This originally appeared as a Viewpoint article in the Indianapolis Business Journal.
Diversity in the workplace has been an increasingly popular topic, intensified most recently by the Google “diversity memo.” While I have never worked in Google’s industry, I have spent nearly 20 years working in economic development: first in the public sector, then in commercial real estate, and now in public accounting—all male-dominated industries. For my entire career, I have often been the only woman in a room filled with men—whether that room be a boardroom, conference table or mahogany-shrouded steakhouse.
Without sparking a debate about overall accuracy or lack of alternate categories, let’s pretend we can agree that in modern America many traits are considered “male” or “female.” Until recently, I prided myself on being “one of the guys.” I worked just as hard as most male professionals I knew, and, much to my mother’s chagrin, machismo tendencies came naturally to me.
My everyday personality fits well with the culture that dominates the boardroom. I’ve been blessed with incredible mentors throughout my career, and all of them have been men. I was successful in navigating the unsolicited overtures of my colleagues without damaging relationships or my career, and I was frequently given what was intended to be—and at the time received as—a compliment: I’m not a “typical girl.”
As my career grew, I shied away from professional women’s groups, quietly and stupidly proud of myself for meeting various professional goals without playing the chick card.
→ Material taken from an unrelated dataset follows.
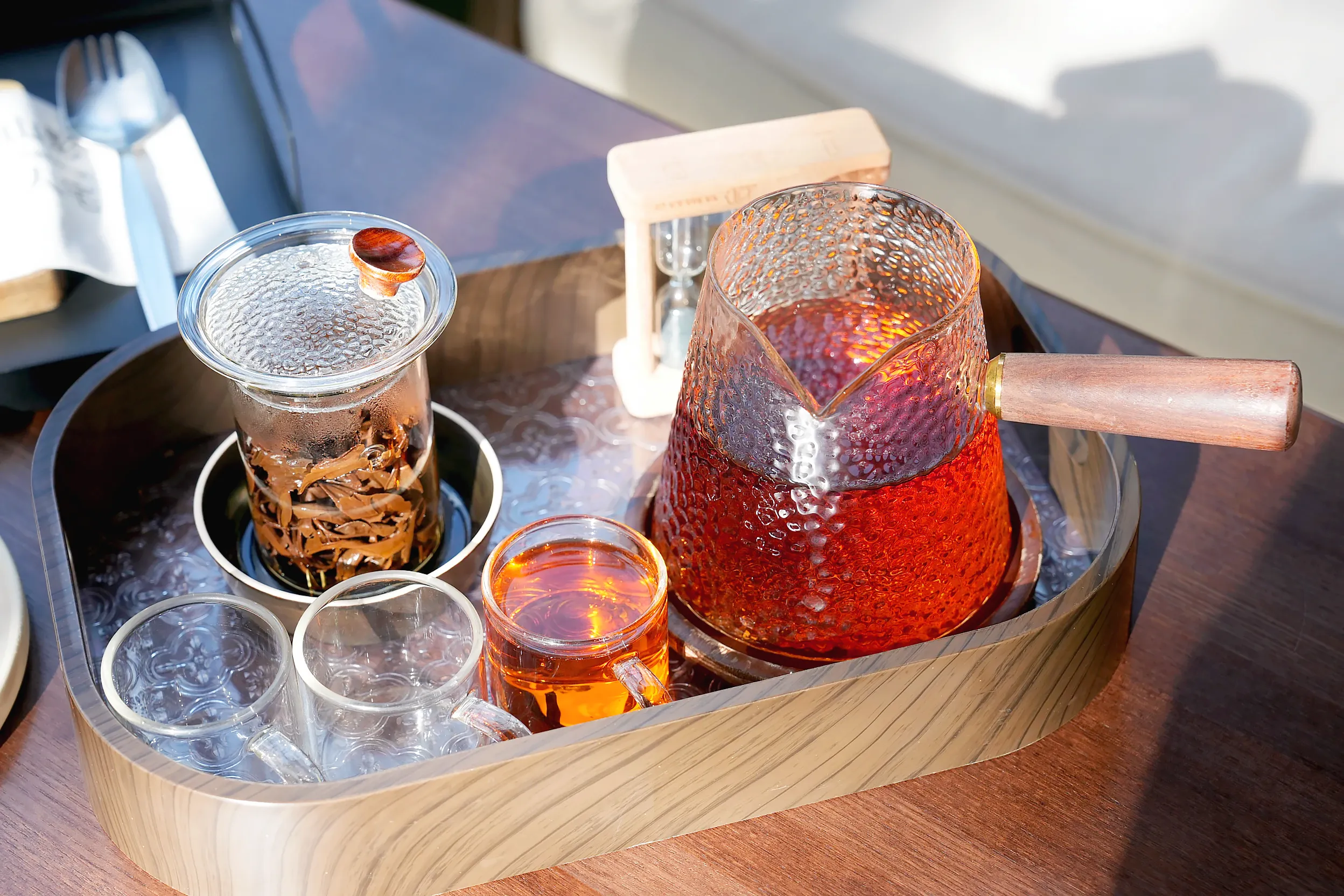 店家很貼心的提供一人一個玻璃杯,並且有特別交代要計時,以防茶葉浸泡太久影響風味。台茶21號紅韻紅茶的茶香濃郁,喝起來清甜順口,完全不會澀,很適合搭配甜點。

I wanted to fit in naturally without wearing my gender like a cautionary warning for my male counterparts to beware of, subconsciously knowing it would lead to quicker career success.
I internally cringed when women professionals complained about the challenges of working in a male-dominated field. “Suck it up,” I wanted to say.
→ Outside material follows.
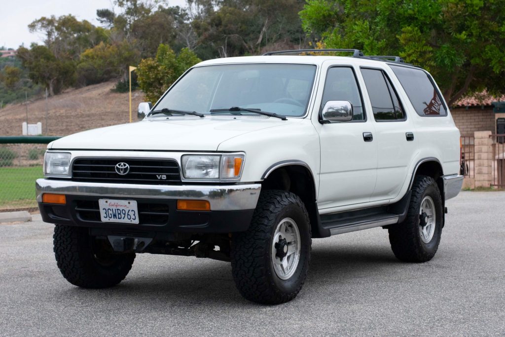 This 1994 Toyota 4Runner SR5 has been registered in California since new and was acquired by the seller from a family member in 2013. Finished in white over gray cloth, the truck is powered by a 3.0-liter V6 paired with a five-speed manual transmission. Features include 15″ alloy wheels, chrome accent trim, running boards, a roof rack, a rear wind deflector, air conditioning, an AM/FM stereo, and power accessories. Service under current ownership is said to include servicing the rear differential, performing an alignment, and replacing the front axles.

After recently participating on an industry panel, I am embarrassed to admit I had a late-onset epiphany: Just as I am not the only woman comfortable in a stereotypically male-oriented business culture, there are a lot of women (and men) out there who aren’t comfortable working in said culture. And it is intimidating as hell to find your place when you lack almost any similarities with the majority of people in the room. We can arm those less-represented female professionals with skills and support to overcome this obstacle, but we must arm the male majority with better understanding as well. When we do that, diversity in the workplace seems a lot less like affirmative action and much more like cultural evolution.
I’ve done a disservice to the men and women I have worked with over the years. By quietly judging those who couldn’t “suck it up,” I unintentionally reinforced homogeneity and helped suppress diversity—whether that came in the form of gender, race, sexuality, creed or color. But there is good news: I still have time to change my ways. We all do.
Good decisions are not made when everyone looks and thinks and views the world the same way. If everyone is identical, who will tell the emperor he has no clothes? We’ve all seen the disastrous consequences of business and political leaders, regardless of gender, who surround themselves with “yes men” and operate in a space where alternate views are never expressed.
Deloitte recently announced its plan to eliminate its women’s networking initiative to focus on arming all managers, male and female, with the skills to be more inclusive. I want to encourage Indy-area businesses to consider the same and provide support to both sides of the gender-diversity issue. Only when we all look inward will real change result.